(Source material):
::::::

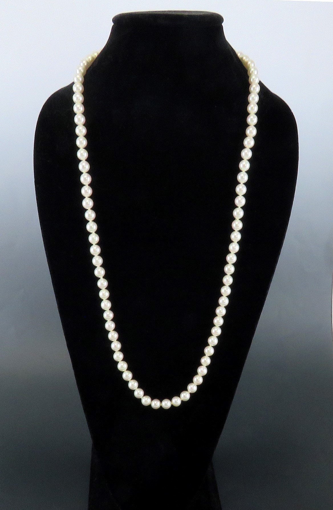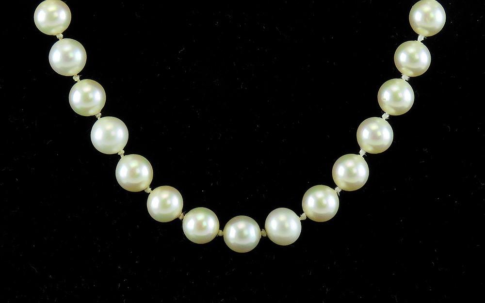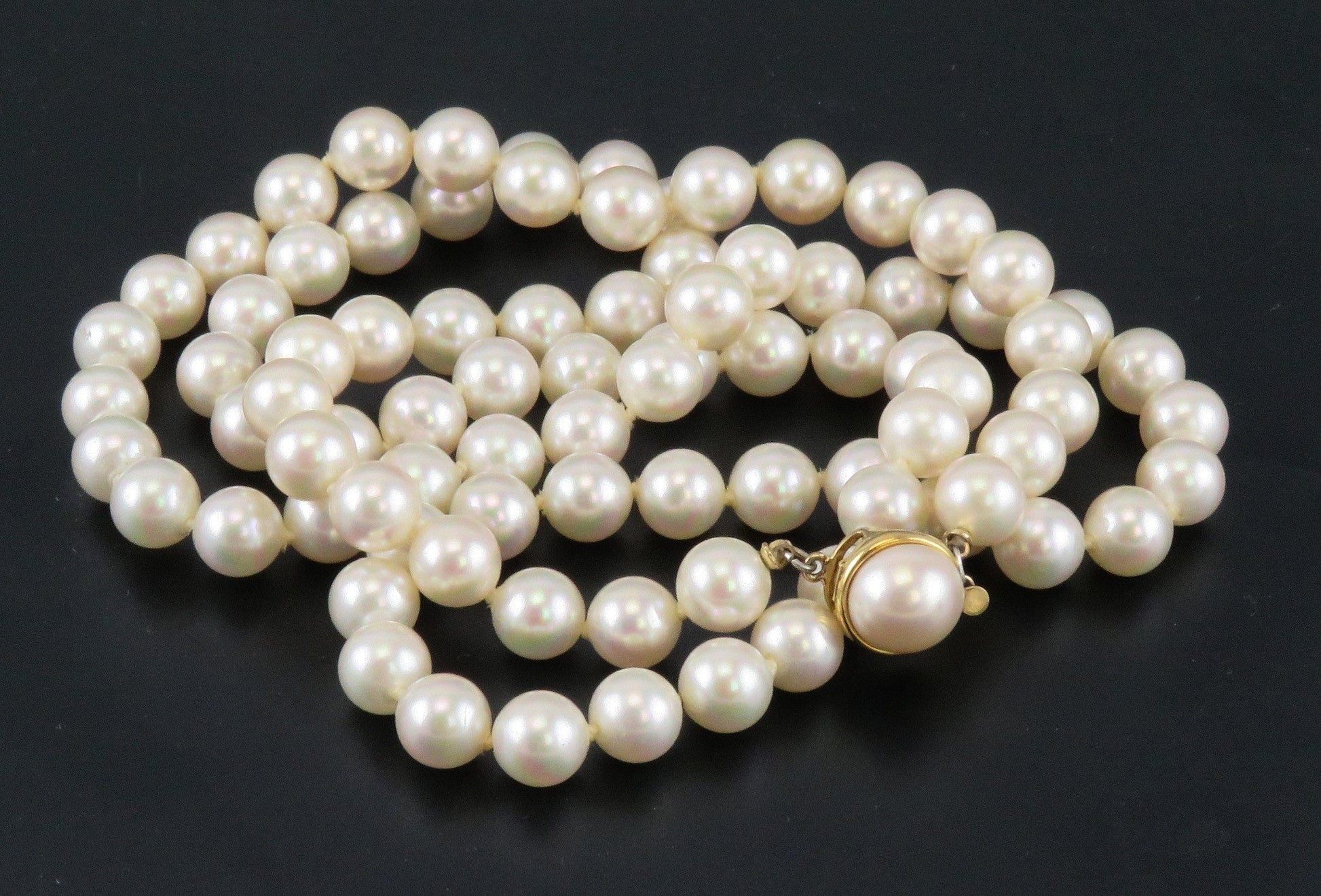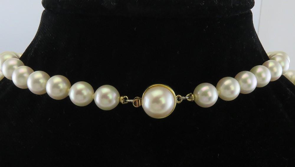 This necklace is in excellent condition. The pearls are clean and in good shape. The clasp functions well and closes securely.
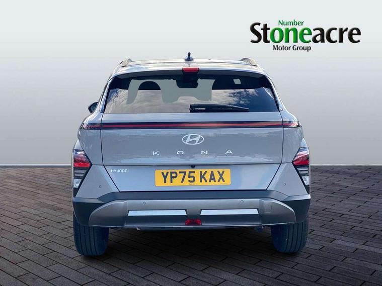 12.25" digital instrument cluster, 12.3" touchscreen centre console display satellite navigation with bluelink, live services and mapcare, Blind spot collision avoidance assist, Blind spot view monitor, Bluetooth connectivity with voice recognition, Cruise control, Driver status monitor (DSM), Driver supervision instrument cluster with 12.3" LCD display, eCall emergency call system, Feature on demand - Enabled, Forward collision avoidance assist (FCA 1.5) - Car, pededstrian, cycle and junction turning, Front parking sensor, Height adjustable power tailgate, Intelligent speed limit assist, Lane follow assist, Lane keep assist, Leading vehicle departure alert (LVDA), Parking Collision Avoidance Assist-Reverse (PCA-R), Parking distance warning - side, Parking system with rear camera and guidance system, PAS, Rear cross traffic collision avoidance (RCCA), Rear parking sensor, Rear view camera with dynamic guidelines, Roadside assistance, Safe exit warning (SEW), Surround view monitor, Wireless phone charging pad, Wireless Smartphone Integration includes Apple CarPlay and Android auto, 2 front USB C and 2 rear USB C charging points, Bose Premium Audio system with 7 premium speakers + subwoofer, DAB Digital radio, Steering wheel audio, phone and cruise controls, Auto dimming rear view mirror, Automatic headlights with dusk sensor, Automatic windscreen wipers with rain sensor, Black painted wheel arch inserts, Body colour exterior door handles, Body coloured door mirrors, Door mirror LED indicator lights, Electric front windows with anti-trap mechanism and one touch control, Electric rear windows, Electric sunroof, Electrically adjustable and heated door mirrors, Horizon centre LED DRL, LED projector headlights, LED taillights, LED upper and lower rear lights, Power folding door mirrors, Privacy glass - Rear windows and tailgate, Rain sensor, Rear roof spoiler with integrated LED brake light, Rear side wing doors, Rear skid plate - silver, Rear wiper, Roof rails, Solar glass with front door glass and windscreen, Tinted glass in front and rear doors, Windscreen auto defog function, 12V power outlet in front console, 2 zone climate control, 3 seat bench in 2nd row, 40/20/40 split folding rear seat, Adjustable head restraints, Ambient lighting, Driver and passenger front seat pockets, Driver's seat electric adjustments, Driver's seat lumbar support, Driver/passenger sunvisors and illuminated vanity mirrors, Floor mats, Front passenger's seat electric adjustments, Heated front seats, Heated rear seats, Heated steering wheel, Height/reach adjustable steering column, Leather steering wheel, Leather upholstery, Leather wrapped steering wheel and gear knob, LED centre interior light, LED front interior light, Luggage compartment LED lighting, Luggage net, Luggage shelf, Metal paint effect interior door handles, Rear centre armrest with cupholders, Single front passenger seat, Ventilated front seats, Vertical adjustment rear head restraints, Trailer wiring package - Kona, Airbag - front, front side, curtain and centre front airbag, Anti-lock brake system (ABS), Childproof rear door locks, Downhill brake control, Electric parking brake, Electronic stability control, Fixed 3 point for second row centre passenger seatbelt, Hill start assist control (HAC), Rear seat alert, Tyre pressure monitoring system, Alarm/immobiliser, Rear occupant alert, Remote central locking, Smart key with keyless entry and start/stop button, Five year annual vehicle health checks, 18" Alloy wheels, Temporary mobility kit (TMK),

::::::

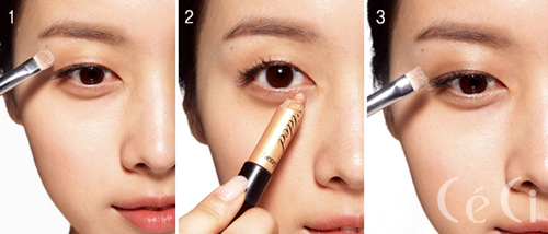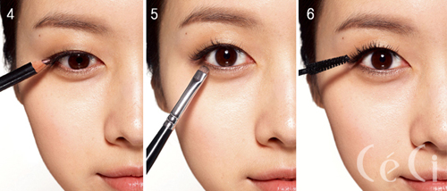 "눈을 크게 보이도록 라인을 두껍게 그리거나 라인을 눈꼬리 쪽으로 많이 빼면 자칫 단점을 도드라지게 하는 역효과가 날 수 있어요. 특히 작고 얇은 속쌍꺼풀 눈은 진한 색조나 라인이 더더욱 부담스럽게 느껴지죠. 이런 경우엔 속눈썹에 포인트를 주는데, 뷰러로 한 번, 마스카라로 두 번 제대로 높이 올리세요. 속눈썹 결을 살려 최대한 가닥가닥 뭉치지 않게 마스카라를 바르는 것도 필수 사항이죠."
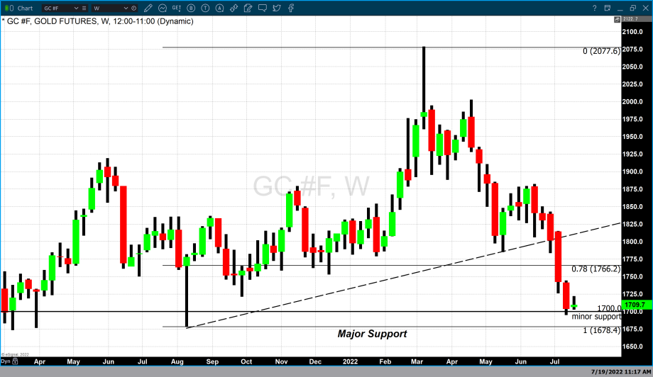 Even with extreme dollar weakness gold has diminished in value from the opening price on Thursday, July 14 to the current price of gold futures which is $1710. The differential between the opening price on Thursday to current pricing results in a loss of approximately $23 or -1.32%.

::::::

Reproduce, word for word, only the lines in the records above from the line with "크게 보이도록 라인을" through the line with "Even with extreme", including both ends; omit the pictures.

(Answer):
 "눈을 크게 보이도록 라인을 두껍게 그리거나 라인을 눈꼬리 쪽으로 많이 빼면 자칫 단점을 도드라지게 하는 역효과가 날 수 있어요. 특히 작고 얇은 속쌍꺼풀 눈은 진한 색조나 라인이 더더욱 부담스럽게 느껴지죠. 이런 경우엔 속눈썹에 포인트를 주는데, 뷰러로 한 번, 마스카라로 두 번 제대로 높이 올리세요. 속눈썹 결을 살려 최대한 가닥가닥 뭉치지 않게 마스카라를 바르는 것도 필수 사항이죠."
 Even with extreme dollar weakness gold has diminished in value from the opening price on Thursday, July 14 to the current price of gold futures which is $1710. The differential between the opening price on Thursday to current pricing results in a loss of approximately $23 or -1.32%.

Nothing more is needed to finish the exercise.